**LISTED ENTRIES**
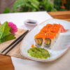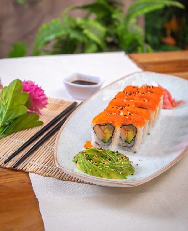 Relleno de palmito de cangrejo, aguacate y pepino cubierto de masago y ajonjoli.
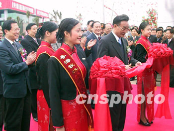 今天上午十時,一艘白色巨輪緩緩駛向北港港池,十時十分,巨輪穩穩停靠在北港停泊位,十時二十一分,粵海鐵一號上的鐵軌與陸地棧橋鐵軌成功對接,十時三十分,在機車牽引下,第一節渡海火車車箱開上海口南港棧橋。十點四十六分,中共中央政治局常委、國務院副總理吳邦國在棧橋火車前為粵海鐵路正式開通剪彩。
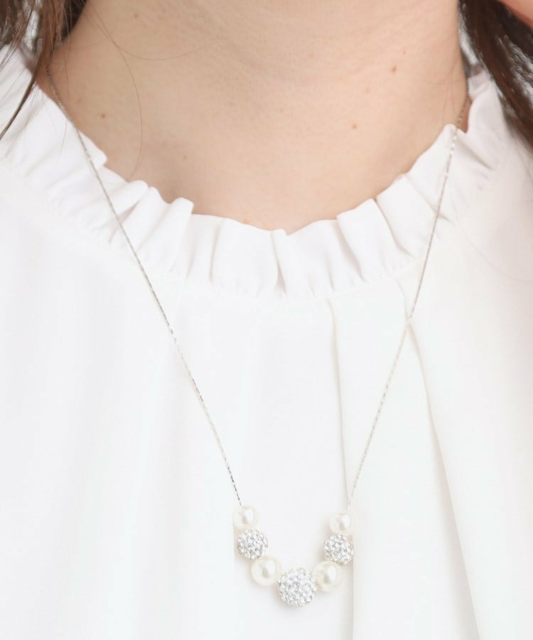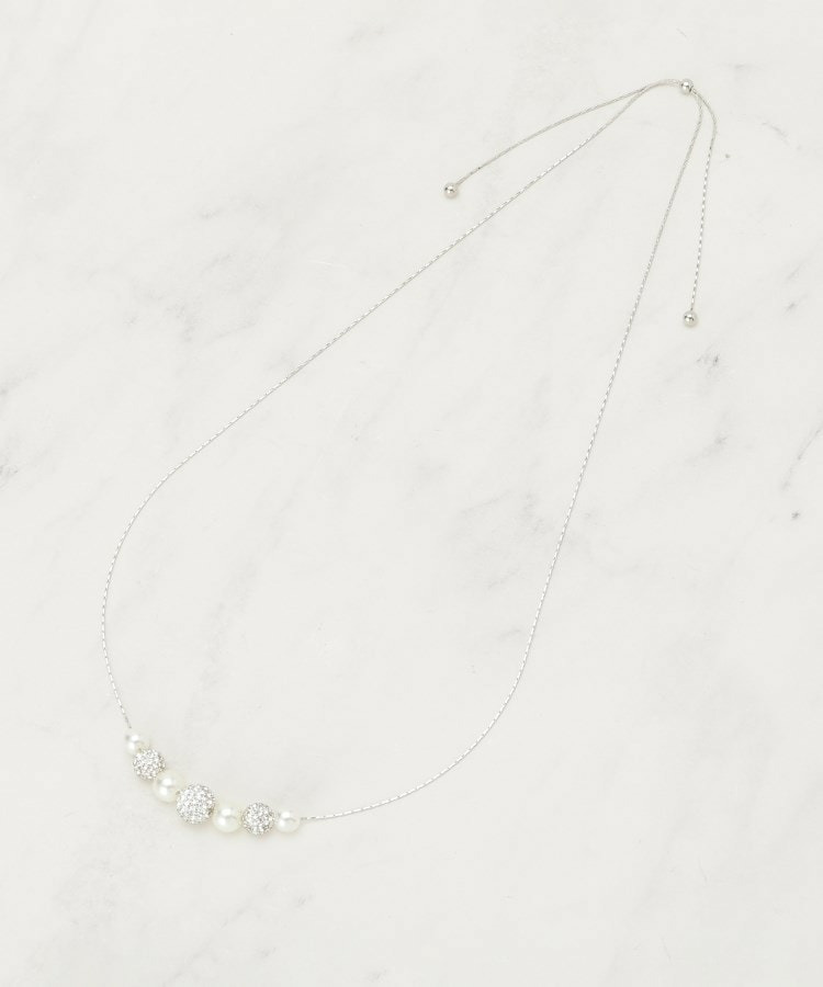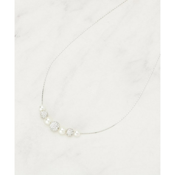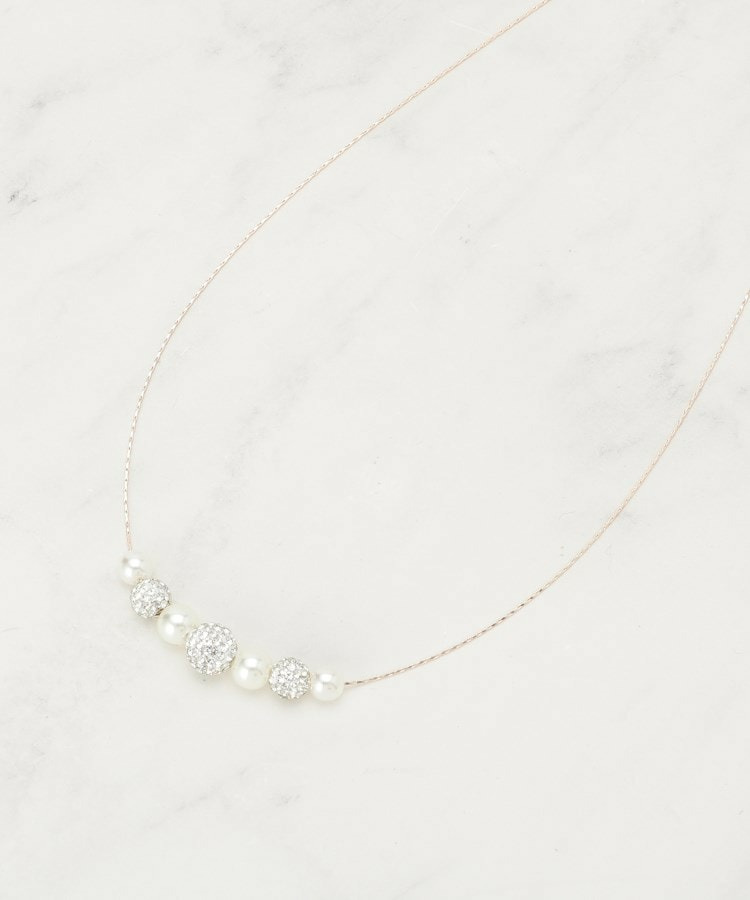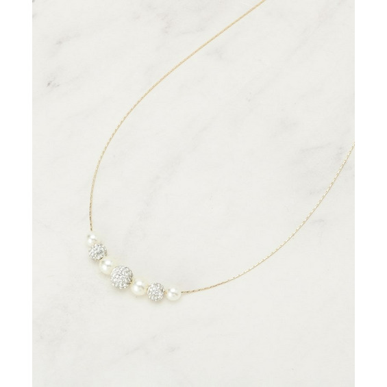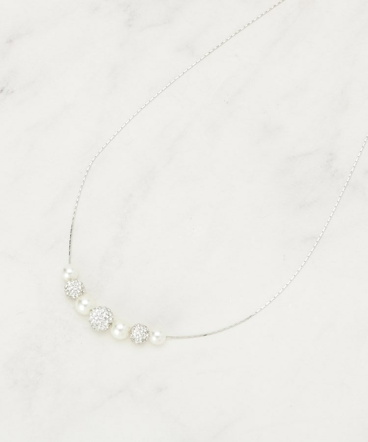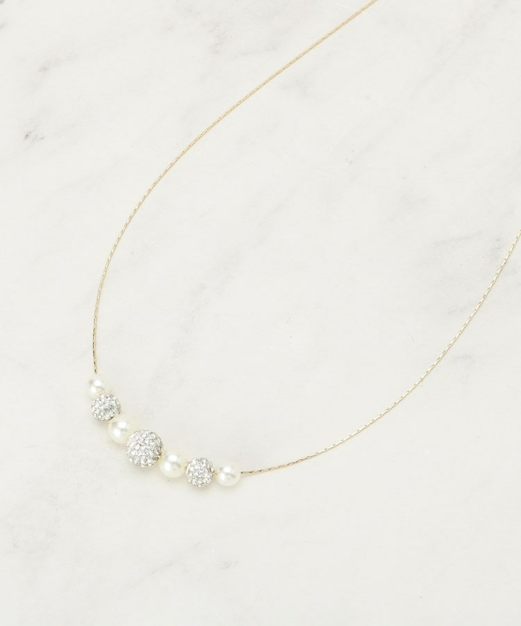 ボールにキラキラがちりばめられた煌びやかなパヴェボールとフェイクパールを組み合わせた、繊細で上品なネックレス。
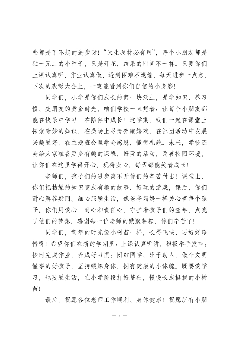 秋季学期期末表彰大会小学校长发言稿:努力就有收获,我们一起开心成长老师们、同学们:大家好!岁末暖冬,喜报频传!今天,我们怀着满满的喜悦齐聚校园,隆重表彰秋季学期期末考试中表现优秀的“学习小标兵”、进步飞快的“成长小明星”,还有在品德、纪律、活动中闪闪发光的“文明小使者“活力小健将”们!这既是对同学们一学期努力的肯定,也是咱们学校“快乐学习、全面成长”的美好见证,更是全体师生共同的喜事!首先,我要给所有受表彰的小朋友们送上最热烈的掌声!这份荣誉,藏着你们课堂上专注听讲的小眼神,藏着作业本上工工整整的字迹,藏着遇到难题时不放弃的小韧劲,还藏着帮助同学、尊敬老师的好习惯。你们用行动告诉大家:努力就有收获,坚持就能进步!但要记得呀,荣誉就像小奖状上的贴纸,是对过去的鼓励,不是终点哦。希望你们带着这份骄傲,不骄傲、不偷懒,继续做同学们的好榜样,在新的学期学到更多本领、收获更多快乐!同时,我也要对暂时没拿到表彰的小朋友们说:别着急、别难过!一次考试、一份评比,从来不能代表你们的全部!你们可能画画特别棒、唱歌特别好听,可能乐于助人、团结同学,可能这学期比上学期多认识了好多字、多会算了好多题一一这一1
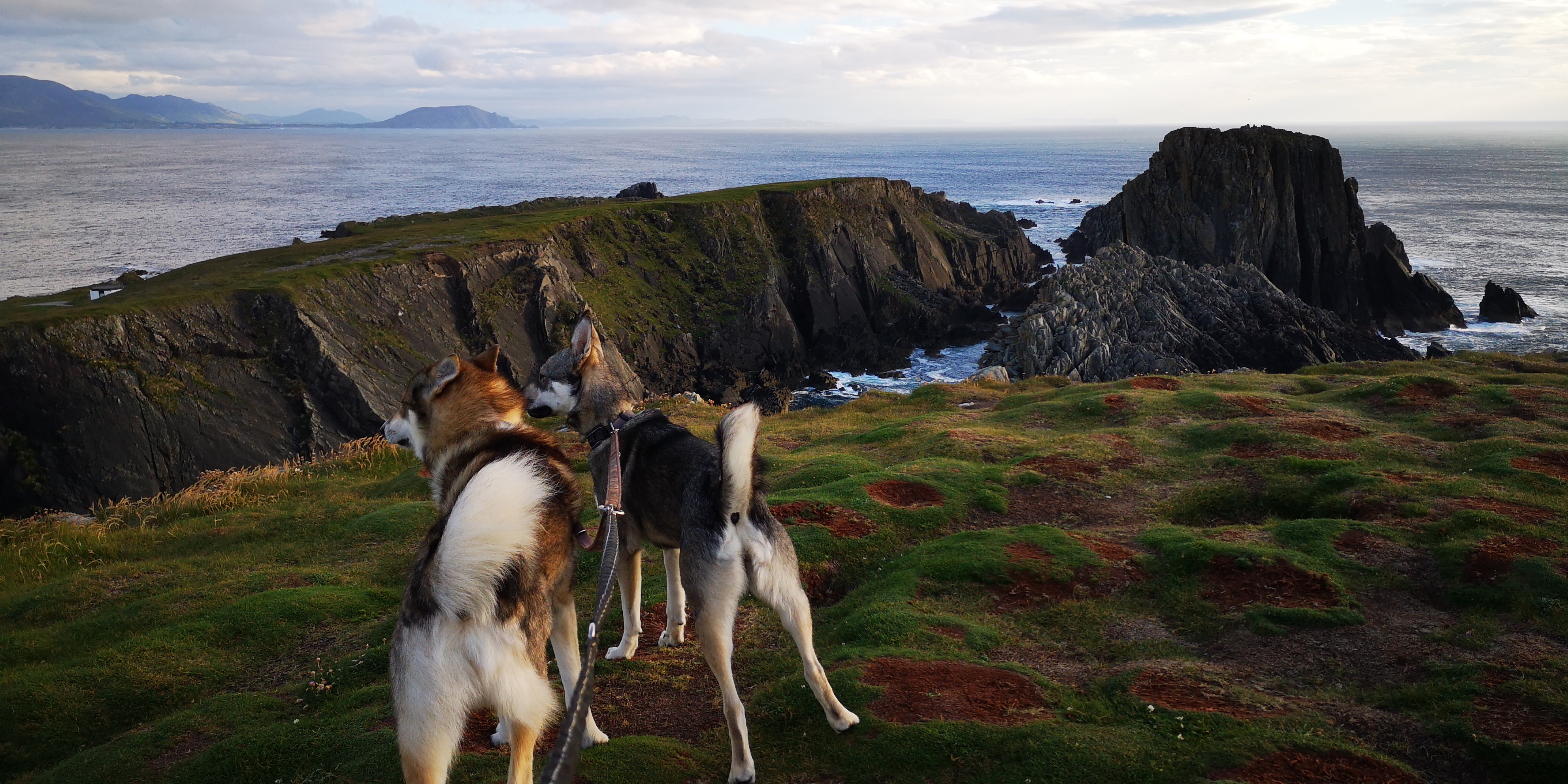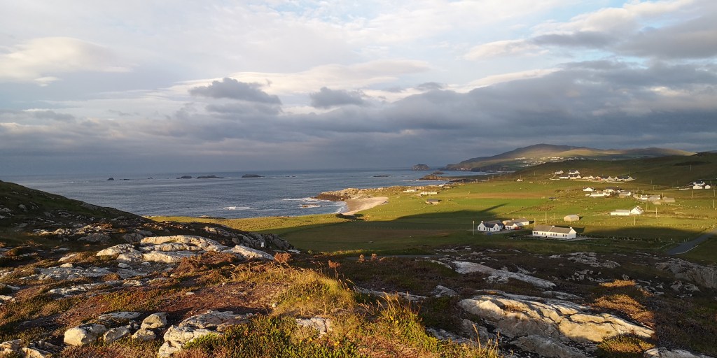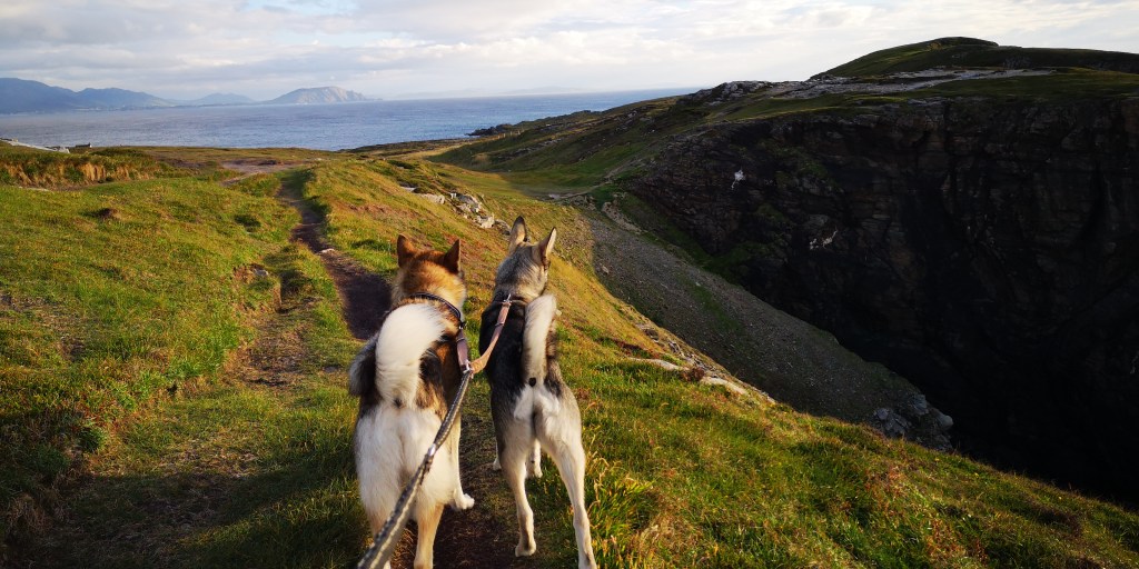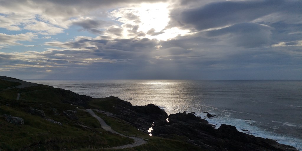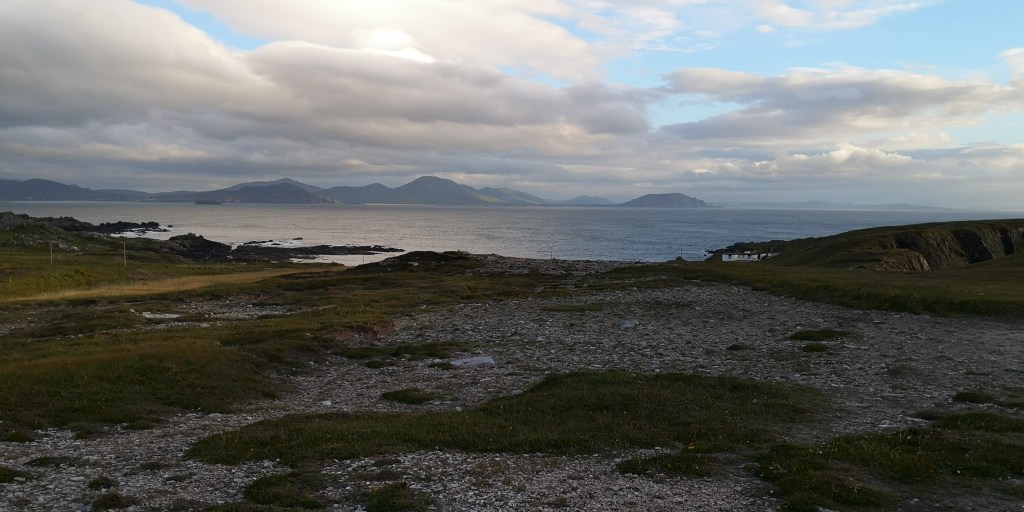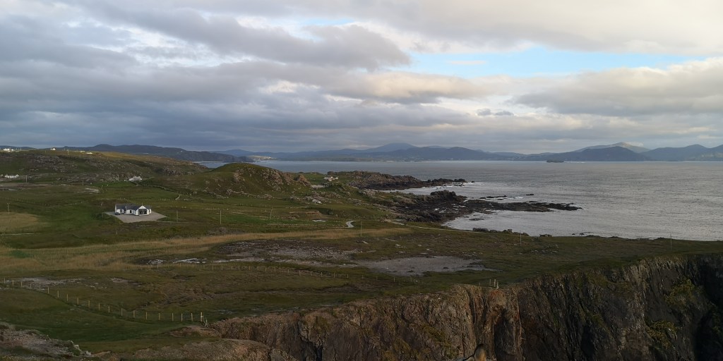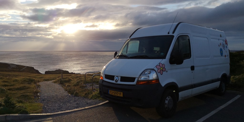 We rijden door de kop van Inishowen Peninsula, het meest noordelijke schiereiland van Ierland. Malin Head is daar weer een landtong van, en ik verwachtte het er erg toeristisch zou zijn, maar dat valt gelukkig mee. Er is niet meer ruimte dan voor tien auto’s op het krappe parkeerplaatsje, maar ik heb het geluk dat ik nog net in een hoekje kan parkeren met uitzicht op de kliffen en de zee. Samen met de honden loop ik een rondje naar Hell’s Hole, een grote rotsspleet in de kliffen waar de golven woest tegenaan beuken. Aan de andere kant, op het uiterste puntje van de landtong staat een stenen toren, die ooit diende als wachttoren voor het geval Napoleon het land wilde binnenvallen. Later werd het ingezet als communicatietoren, die de weersvoorspellingen aan de schepen doorgaf. ‘Het is hier meestal erg druk hoor,’ zegt het meisje, dat in een kraampje naast de toren staat. Ze verkoopt koffie, thee en wat zelfgebakken cakejes en scones. ‘Waar parkeren al die mensen hun auto dan?,’ vraag ik verbaasd. ‘Op de meest gekke plekken, zoals bovenop de rotsen, zo schuin dat ze bijna omvallen.’ Om zes uur vertrekt de laatste auto en blijven we helemaal alleen achter op het meest noordelijke puntje van Ierland. Het waait hard en de bus schudt heen en weer. Ik denk terug aan een paar weken geleden toen we ingeblikt tussen allemaal andere campers op Mizen Head stonden, het meest zuidwestelijke puntje van Ierland. Wat een verschil met toen.
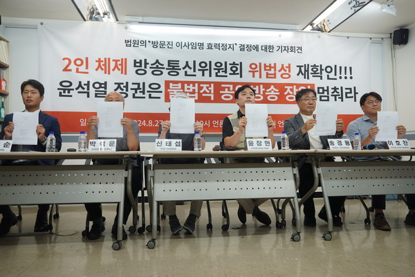 ■ 이진숙 방송통신위원장의 위법한 방문진 이사 선임 시도에 제동이 걸렸습니다. 법원이 방문진 이사 임명처분 집행정지 신청을 받아들인 것입니다. 2인 체제의 방통위에서 이뤄진 의결, 심의는 방통위법의 입법 목적을 저해하며, 이진숙 방통위원장이 7월 31일 졸속으로 의결한 공영방송 이사 선임엔 절차적 하자가 있다는 이유입니다. 언론장악저지공동행동은 27일 기자회견을 열고 법원의 결정에 환영의 뜻을 밝혔습니다. 이날 기자회견에 참석한 윤창현 언론노조 위원장은 “윤석열 정권의 언론장악 난동은 번번이 법원에 의해 가로막혔고 앞으로도 그럴 것"이라며 “언론자유를 보장하고 공영방송의 정치적 독립을 보장하는 법률 개정에 나서는 것만이 이 사태의 완전한 해법"이라고 말했습니다.
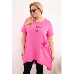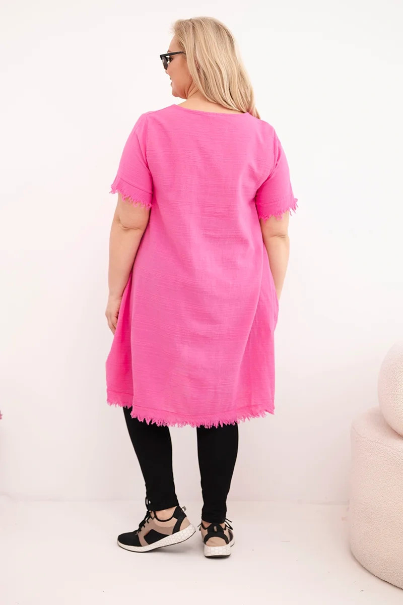 Dámske bavlnené šaty nadmernej veľkosti s dlhším chrbtom a vreckom ružovej farby
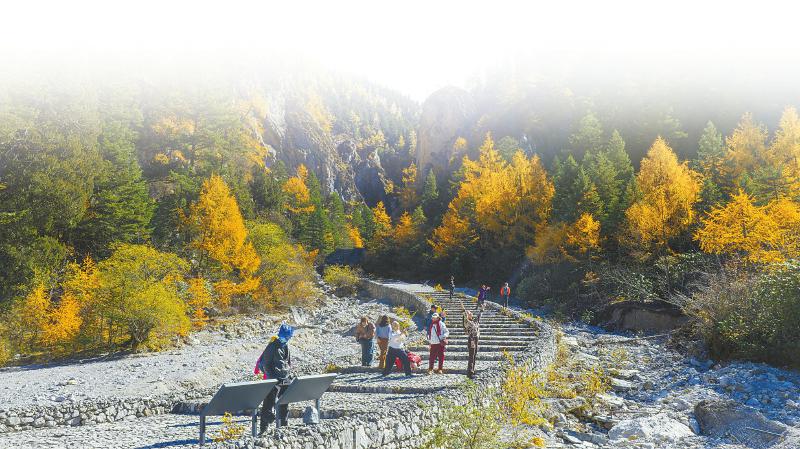 十一月十二日,许多游客通过九绵高速快捷抵达被誉为“深山故宫”的平武报恩寺。胡宇摄(C视觉)
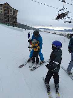 Telling me all about his day at school and looking forward to skiing a few more hours just with mom and dad and Hunter!
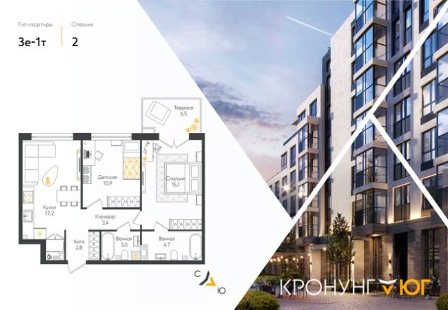 Продается стильная и уютная 2-комнатная квартира в современном ЖК Краски Лета!

**WORK ORDER**
Your answer must be exactly the lines from the one containing "Dámske bavlnené šaty" through the last line of the records above, both included, with every picture left out.

**THE ANSWER**
 Dámske bavlnené šaty nadmernej veľkosti s dlhším chrbtom a vreckom ružovej farby
 十一月十二日,许多游客通过九绵高速快捷抵达被誉为“深山故宫”的平武报恩寺。胡宇摄(C视觉)
 Telling me all about his day at school and looking forward to skiing a few more hours just with mom and dad and Hunter!
 Продается стильная и уютная 2-комнатная квартира в современном ЖК Краски Лета!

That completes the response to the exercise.